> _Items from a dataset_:
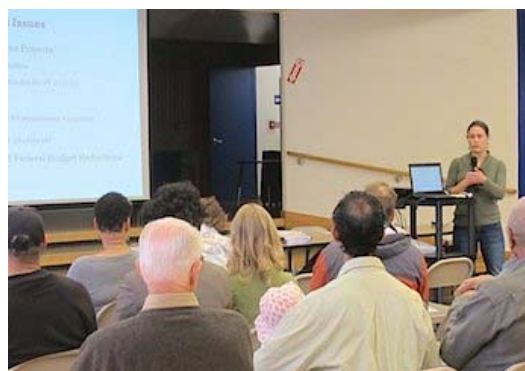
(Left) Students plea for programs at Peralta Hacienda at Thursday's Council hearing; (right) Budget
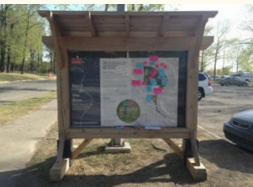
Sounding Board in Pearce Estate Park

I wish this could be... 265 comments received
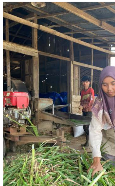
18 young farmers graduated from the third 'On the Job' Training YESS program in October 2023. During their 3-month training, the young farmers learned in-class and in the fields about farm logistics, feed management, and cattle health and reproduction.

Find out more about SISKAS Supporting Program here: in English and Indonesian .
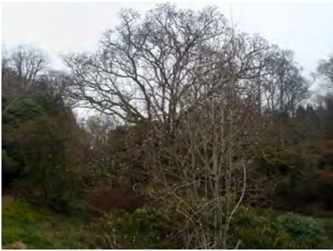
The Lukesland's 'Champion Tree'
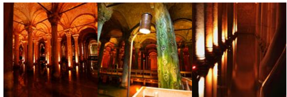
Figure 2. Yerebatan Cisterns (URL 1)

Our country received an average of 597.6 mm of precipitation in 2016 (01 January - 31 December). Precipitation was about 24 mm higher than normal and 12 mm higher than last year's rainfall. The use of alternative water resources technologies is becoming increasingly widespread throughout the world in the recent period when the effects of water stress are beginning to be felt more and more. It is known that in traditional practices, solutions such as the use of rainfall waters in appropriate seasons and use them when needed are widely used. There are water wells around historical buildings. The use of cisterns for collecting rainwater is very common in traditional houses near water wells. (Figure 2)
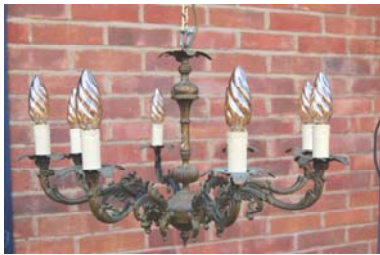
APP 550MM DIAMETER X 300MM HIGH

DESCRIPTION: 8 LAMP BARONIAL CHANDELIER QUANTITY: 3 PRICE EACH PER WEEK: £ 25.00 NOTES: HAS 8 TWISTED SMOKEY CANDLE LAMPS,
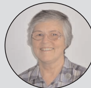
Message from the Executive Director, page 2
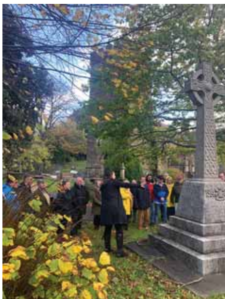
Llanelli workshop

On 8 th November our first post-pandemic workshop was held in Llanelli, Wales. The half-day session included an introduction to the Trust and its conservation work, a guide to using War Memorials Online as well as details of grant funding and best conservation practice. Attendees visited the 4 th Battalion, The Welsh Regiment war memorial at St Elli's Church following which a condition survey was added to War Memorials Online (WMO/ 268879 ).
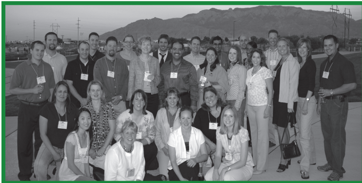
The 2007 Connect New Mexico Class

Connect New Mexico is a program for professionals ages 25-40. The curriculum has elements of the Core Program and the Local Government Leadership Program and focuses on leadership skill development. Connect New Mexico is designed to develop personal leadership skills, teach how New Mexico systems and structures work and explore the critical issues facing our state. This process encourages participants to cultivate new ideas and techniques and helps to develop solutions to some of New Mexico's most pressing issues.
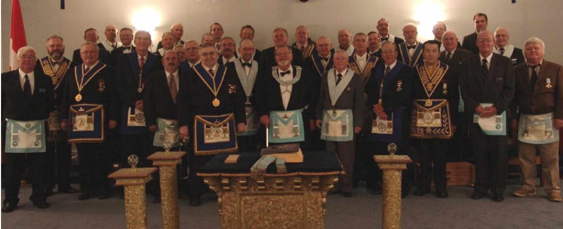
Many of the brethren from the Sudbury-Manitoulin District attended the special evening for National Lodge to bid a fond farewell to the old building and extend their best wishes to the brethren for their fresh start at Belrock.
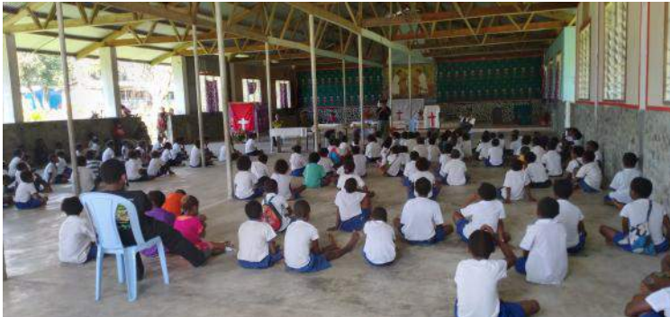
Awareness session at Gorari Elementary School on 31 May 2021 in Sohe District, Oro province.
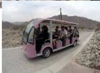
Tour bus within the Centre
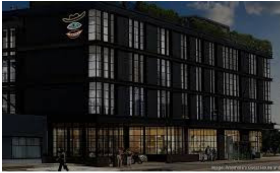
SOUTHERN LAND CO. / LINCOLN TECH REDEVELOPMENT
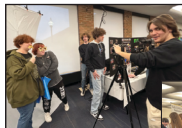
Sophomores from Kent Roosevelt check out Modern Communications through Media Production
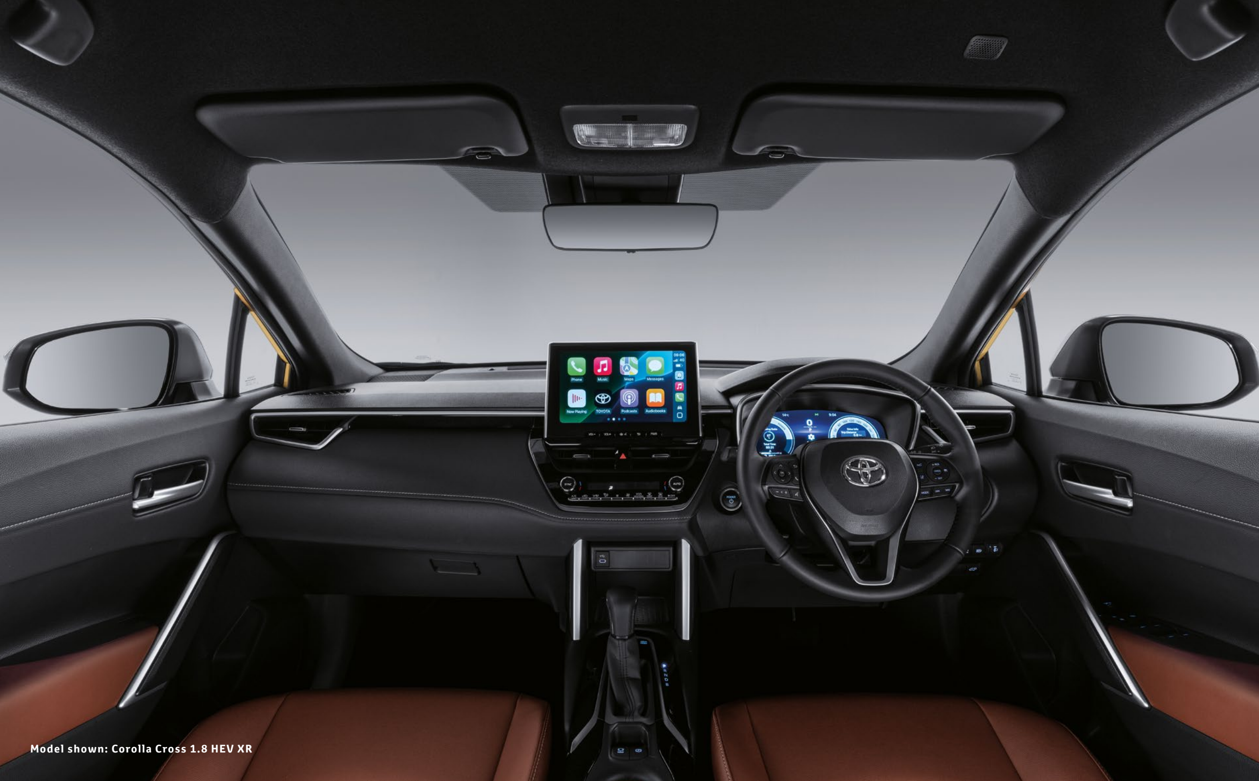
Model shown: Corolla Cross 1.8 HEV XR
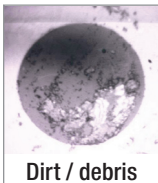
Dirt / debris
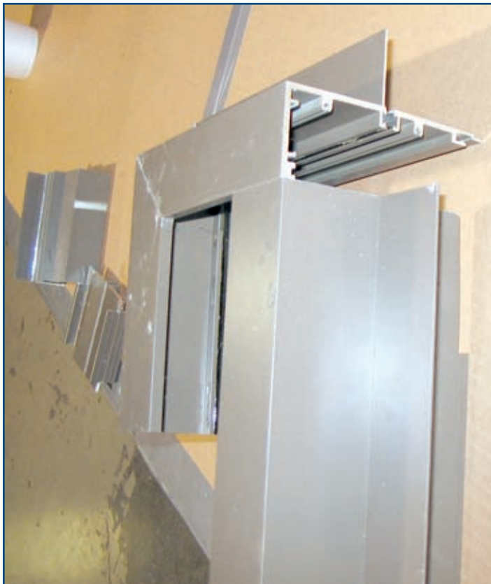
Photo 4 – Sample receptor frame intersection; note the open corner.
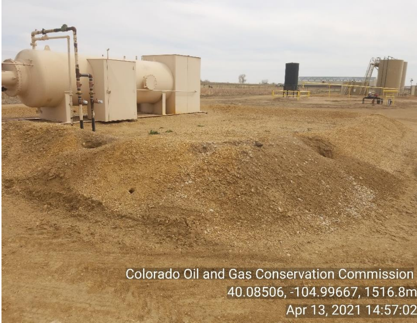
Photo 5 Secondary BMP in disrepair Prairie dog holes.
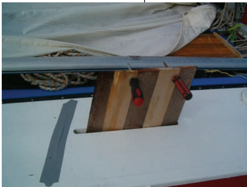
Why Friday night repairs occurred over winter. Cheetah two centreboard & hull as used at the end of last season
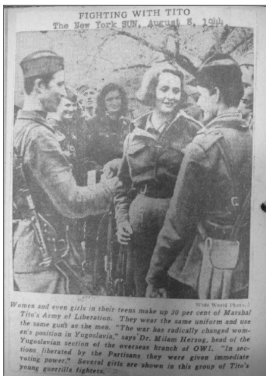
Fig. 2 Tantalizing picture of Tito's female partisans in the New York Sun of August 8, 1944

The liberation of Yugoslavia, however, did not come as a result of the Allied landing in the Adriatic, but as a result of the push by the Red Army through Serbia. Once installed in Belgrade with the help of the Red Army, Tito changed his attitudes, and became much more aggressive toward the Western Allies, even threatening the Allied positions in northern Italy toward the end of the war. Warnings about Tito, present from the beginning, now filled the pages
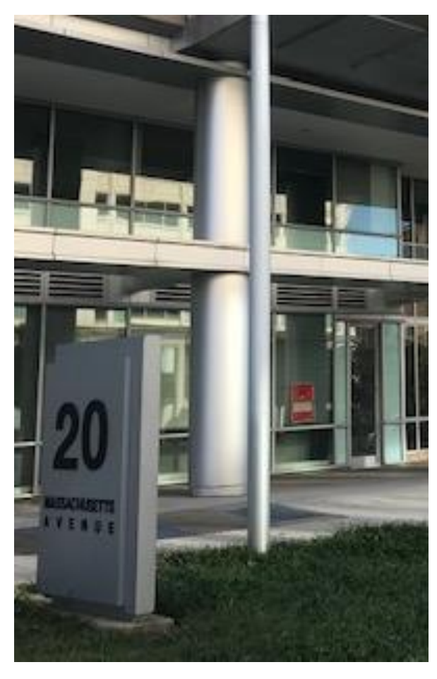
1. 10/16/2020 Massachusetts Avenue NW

> _Problem requirements_: Only the lines from the line holding "Model shown: Corolla Cross 1.8 HEV XR" through the last line above belong in the answer, repeated exactly; the pictures do not.

> _Solution below_:
Model shown: Corolla Cross 1.8 HEV XR
Dirt / debris
Photo 4 – Sample receptor frame intersection; note the open corner.
Photo 5 Secondary BMP in disrepair Prairie dog holes.
Why Friday night repairs occurred over winter. Cheetah two centreboard & hull as used at the end of last season
Fig. 2 Tantalizing picture of Tito's female partisans in the New York Sun of August 8, 1944

The liberation of Yugoslavia, however, did not come as a result of the Allied landing in the Adriatic, but as a result of the push by the Red Army through Serbia. Once installed in Belgrade with the help of the Red Army, Tito changed his attitudes, and became much more aggressive toward the Western Allies, even threatening the Allied positions in northern Italy toward the end of the war. Warnings about Tito, present from the beginning, now filled the pages
1. 10/16/2020 Massachusetts Avenue NW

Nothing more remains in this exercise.